**Aim of the exercise:** An exact restatement of the data is required, with the images omitted.

**Data in this exercise:**

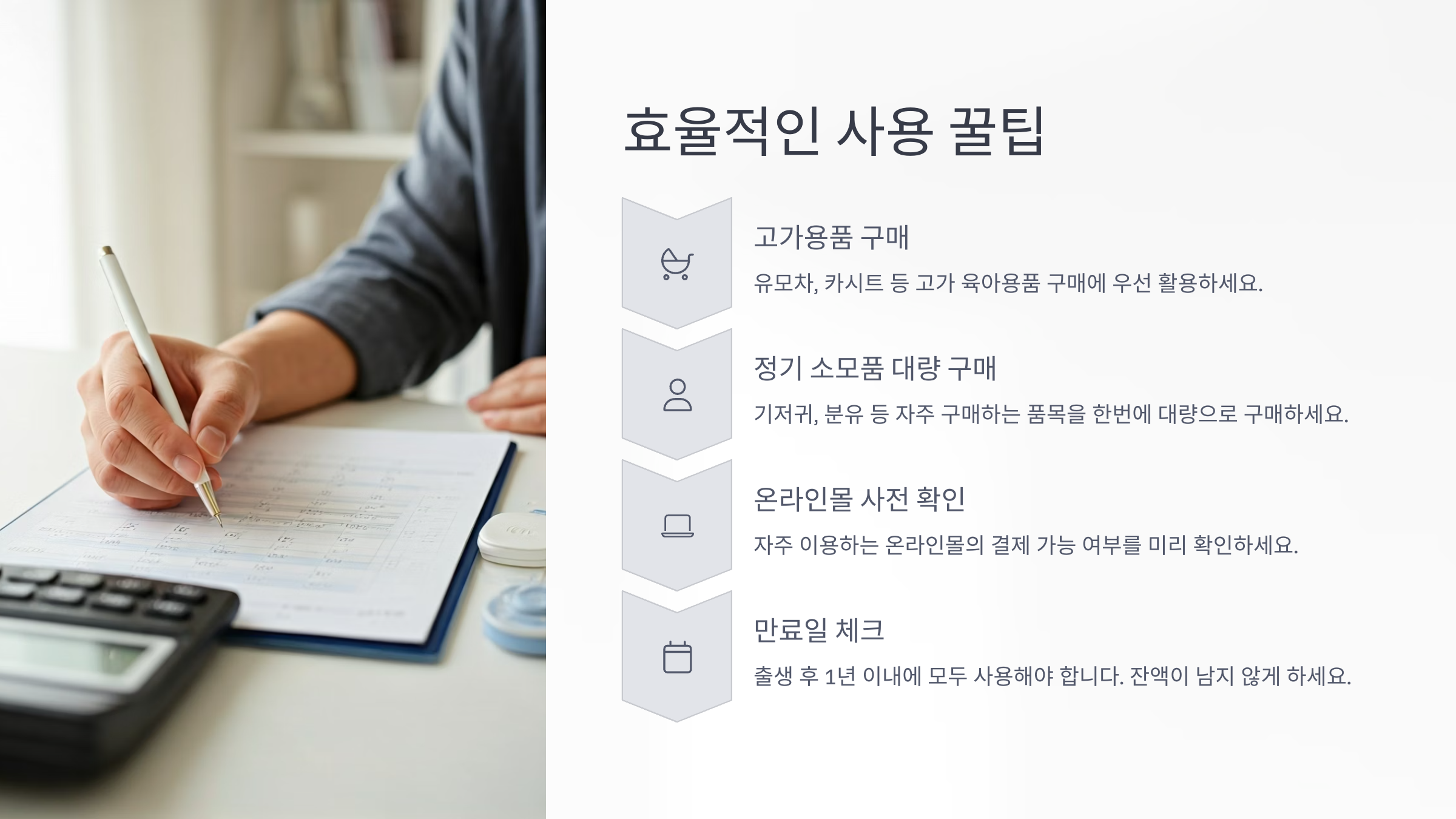 기저귀, 분유, 소아과 진료비 등 꼭 필요한 곳에 우선 사용하면 경제적으로 훨씬 유리하죠.
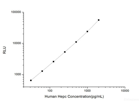 This CLIA kit uses the Sandwich-CLIA principle. The micro CLIA plate provided in this kit has been pre-coated with an antibody specific to Human Hepc. Standards or samples are added to the micro CLIA plate wells and combined with the specific antibody. Then a biotinylated detection antibody specific for Human Hepc and Avidin-Horseradish Peroxidase (HRP) conjugate are added successively to each micro plate well and incubated. Free components are washed away. The substrate solution is added to each well. Only those wells that contain Human Hepc, biotinylated detection antibody and Avidin-HRP conjugate will appear fluorescence. The Relative light unit (RLU) value is measured by the Chemiluminescence immunoassay analyzer. The RLU value is positively associated with the concentration of Human Hepc. You can calculate the concentration of Human Hepc in the samples by comparing the RLU value of the samples to the standard curve.
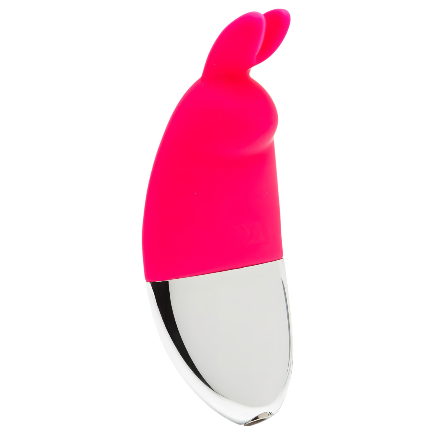 Bájos nyuszis dizájnnal készült ergonomikus, bársonyos szilikon vibrátor, hajlított formával csiklóizgató nyuszifülekkel.
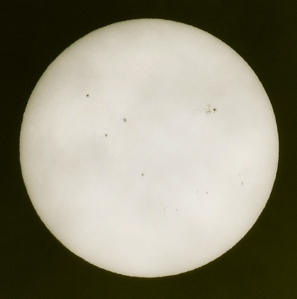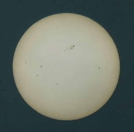Deutlich ist sogar die dunkle Umbra und die hellere Penumbra der Sonnenflecken zu erkennen. Gegenüber deiner Aufnahme von gestern ist auch die rasche Bewegung der Flecken über die Sonnenscheibe durch die Rotation der Sonne erkennbar!
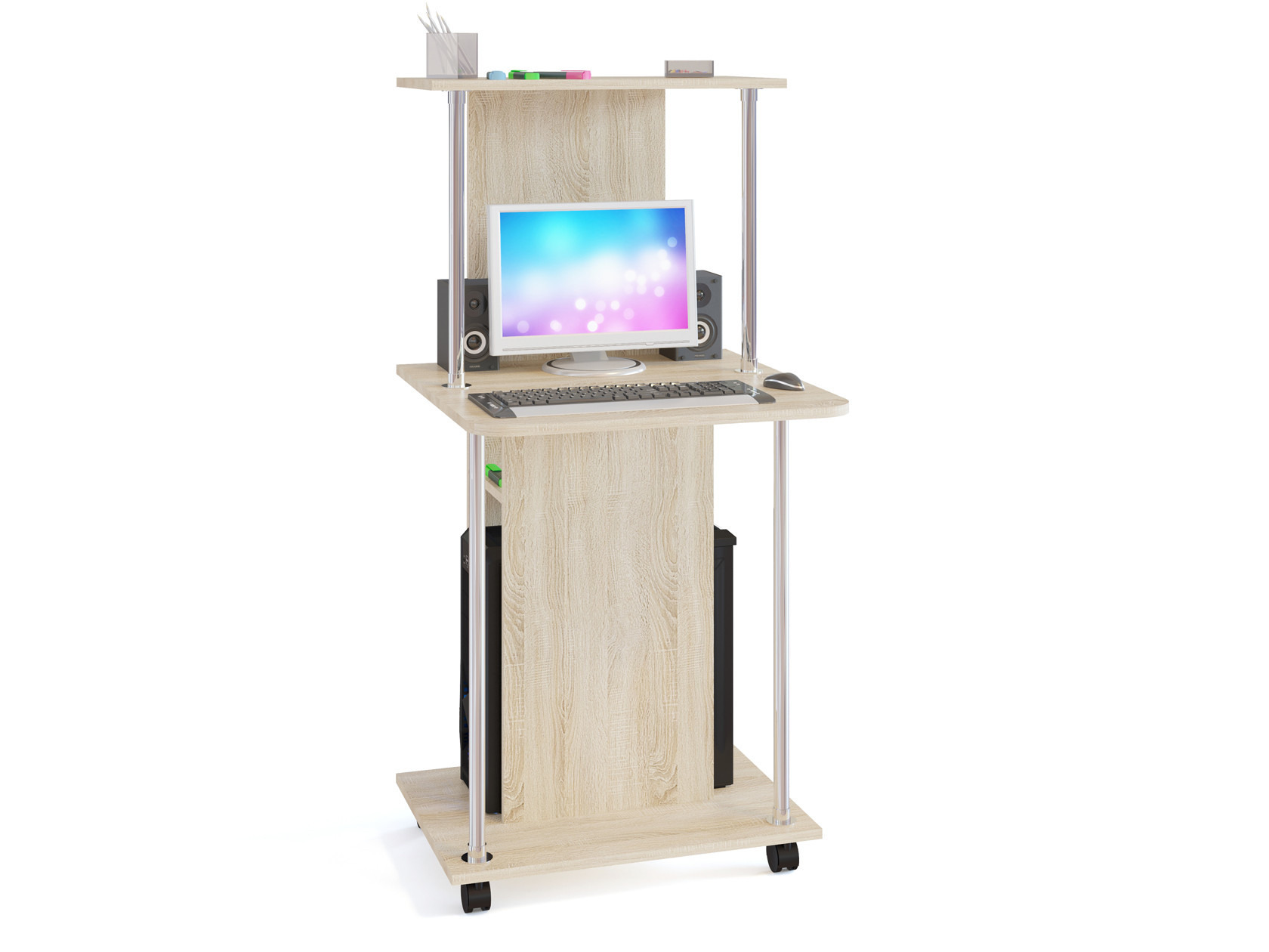 Оригинальный компьютерный стол на колесиках. За таким столом Вы можете работать как с ноутбуком, так и за стационарным компьютером. За центральной стойкой предусмотрено место для системного блока.
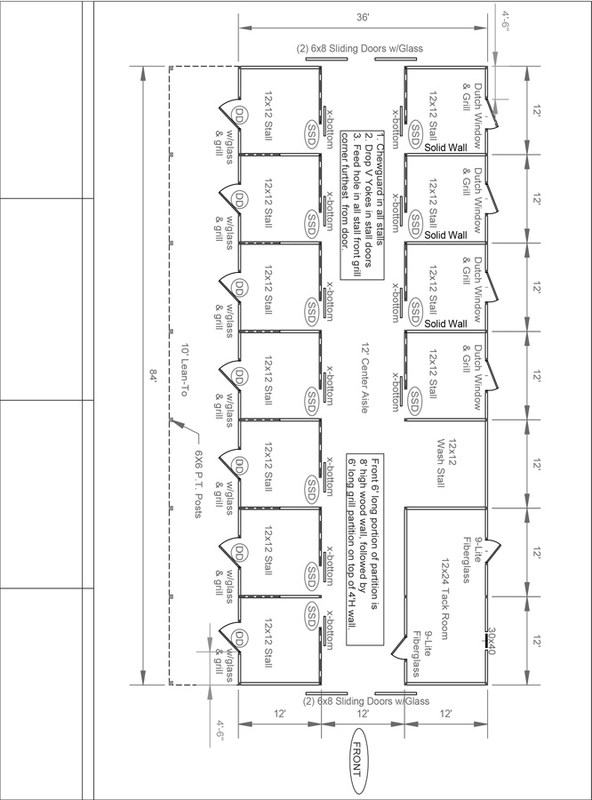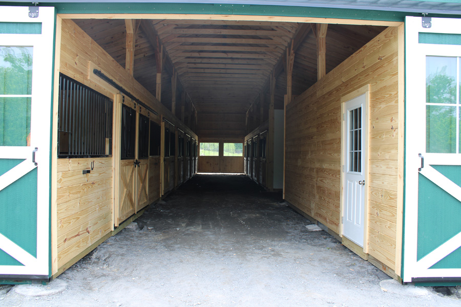 - (11) 12’x12’ stalls with 4’ high oak kick boards and chew guards

**Exercise result:**
 기저귀, 분유, 소아과 진료비 등 꼭 필요한 곳에 우선 사용하면 경제적으로 훨씬 유리하죠.
 This CLIA kit uses the Sandwich-CLIA principle. The micro CLIA plate provided in this kit has been pre-coated with an antibody specific to Human Hepc. Standards or samples are added to the micro CLIA plate wells and combined with the specific antibody. Then a biotinylated detection antibody specific for Human Hepc and Avidin-Horseradish Peroxidase (HRP) conjugate are added successively to each micro plate well and incubated. Free components are washed away. The substrate solution is added to each well. Only those wells that contain Human Hepc, biotinylated detection antibody and Avidin-HRP conjugate will appear fluorescence. The Relative light unit (RLU) value is measured by the Chemiluminescence immunoassay analyzer. The RLU value is positively associated with the concentration of Human Hepc. You can calculate the concentration of Human Hepc in the samples by comparing the RLU value of the samples to the standard curve.
 Bájos nyuszis dizájnnal készült ergonomikus, bársonyos szilikon vibrátor, hajlított formával csiklóizgató nyuszifülekkel.
Deutlich ist sogar die dunkle Umbra und die hellere Penumbra der Sonnenflecken zu erkennen. Gegenüber deiner Aufnahme von gestern ist auch die rasche Bewegung der Flecken über die Sonnenscheibe durch die Rotation der Sonne erkennbar!
 Оригинальный компьютерный стол на колесиках. За таким столом Вы можете работать как с ноутбуком, так и за стационарным компьютером. За центральной стойкой предусмотрено место для системного блока.
 - (11) 12’x12’ stalls with 4’ high oak kick boards and chew guards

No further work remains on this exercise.